Of course, this blindness, this refusal to see rightly is not specific to the sons of Zebedee, the reserve of these two imperfect and impetuous brothers, but is a common affliction among humans as a whole, no surer sign than the other disciples becoming angry when they learn of the request made by these two companions of theirs.
As the evangelist points out, “When the ten heard this, they became indignant at James and John,” their indignation rooted, not in the failure of the brothers to comprehend the central message of the Rabbi, but in the pair’s outmaneuvering and outgunning them, the same desire for courtside seats found in every one of the other disciples.
Wanting to be seen as better, more important, or in first-class seats therefore seems endemic to humanity at large, a creature that continually fails to see the other as an equal, but always wants to see the other as less than or inferior to oneself. And therein, in that contrast between the way of the world and the way of the Galilean Teacher, we find the continual challenge or contest that occupies our souls, our natures so contrary to that of Rabbi Jesus.
Some years ago, a man named Jeffrey who worked at an organization called Love and Action told about an experience that he had, one that opened his eyes, removing the blindness from which he also suffered. It was close to five o’clock on a Friday afternoon when Jeffrey, eager to put a busy week behind him, wanting only a quiet dinner with friends, heard the phone ring.
Answering the phone, he heard the voice, weak and shaky on the other end, say, “Jeff, it’s Jimmy.” Recognizing the voice, Jeffrey knew that Jimmy was one of their regular callers, someone who suffered from several AIDS-related illnesses. Jimmy hoarsely said, “I’m really sick, Jeff. I’ve got a fever. Please help me.”
Although he tried not to show it, Jeffrey was not happy. After a long work week, he didn’t want to hear from Jimmy. Even if the organization was geared towards doing good, Jeffrey wanted nothing but a quiet evening with a few friends, not one more grueling thing to do for the Jimmys of the world.
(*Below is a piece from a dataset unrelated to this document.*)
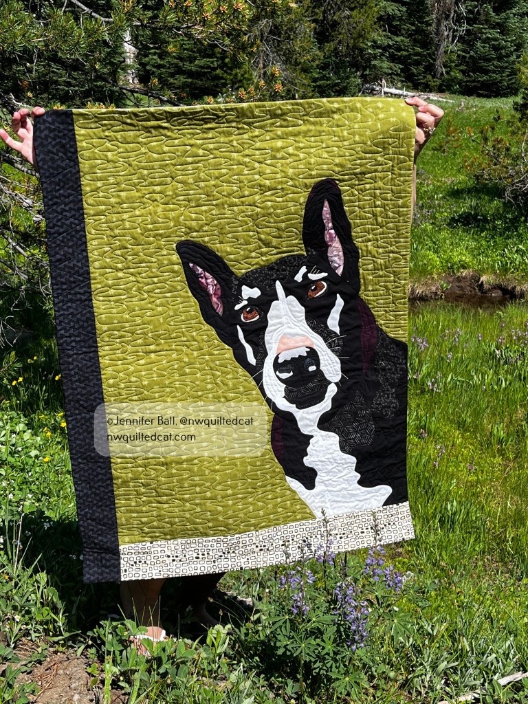 Last year, I had the wonderful opportunity to take a 3-day class at the Stitchin Post in Sisters, Oregon with the amazing June Jaeger. The class focused on creating pet portraits out of fabric and fusible web. I decided that I really need a pet portrait quilt of my best girl!

Still, he promised Jimmy he would come to his house, although Jeffrey complained to God all the way over.
As soon as he walked in the door, Jeffrey smelled the smells of sickness, the distinctive odor of vomit in the apartment. He found Jimmy on the sofa, shivering and shaky. Gathering together a few supplies, Jeffrey cooled off Jimmy’s forehead with cold water, washed off the vomit from his clothes, and cleaned up the mess around the sofa. His unhappiness only increased as his hands scrubbed away the unseemly sights and smells.
One of Jimmy’s friends, Russ, also suffering from AIDS, came down the stairs carefully, weak steps and a weak walk indicating his own weakness. Assaulted by the smells, Russ also vomited onto the floor, Jeffrey now left to clean up two messes.
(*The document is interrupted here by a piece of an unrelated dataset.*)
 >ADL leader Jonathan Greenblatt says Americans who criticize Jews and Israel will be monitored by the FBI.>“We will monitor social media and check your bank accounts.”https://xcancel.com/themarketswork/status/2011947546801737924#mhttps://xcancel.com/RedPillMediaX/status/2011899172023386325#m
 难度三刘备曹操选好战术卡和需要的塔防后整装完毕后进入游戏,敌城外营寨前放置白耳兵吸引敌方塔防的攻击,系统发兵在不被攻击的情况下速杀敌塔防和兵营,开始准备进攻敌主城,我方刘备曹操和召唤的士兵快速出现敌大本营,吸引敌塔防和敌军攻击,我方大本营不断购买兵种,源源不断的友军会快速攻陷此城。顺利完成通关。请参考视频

Seating himself in a chair next to the sofa, watching as Jeffrey tried to finish the job of cleaning up the vomit on the floor, Russ suddenly spoke, startling the other two men in the room, as he almost shouted, “I get it! Now I get it!” Jimmy, looking at Russ, weakly asked, “What Russ? What do you get?” “I understand who Jesus is,” Russ said, tears flowing down his cheeks, “He’s like Jeff!”
As Jeffrey heard the words, something broke in his own hardened heart and tears washed the blindness from his own eyes, seeing clearly now what he had not seen before, understanding now what Jesus meant when he said, “Whoever wishes to be great among you will be your servant; whoever wishes to be first among you will be the slave of all.”
Sadly, it would take a while longer for the two brothers to come to the same understanding, James and John nowhere to be found as Rabbi Jesus was nailed to a cross. Instead, on his left and on his right, the places of honor that the brothers had requested, were two common criminals, a reminder to the brothers that the promise to drink of the same cup that the Rabbi drank of was a promise they could not keep.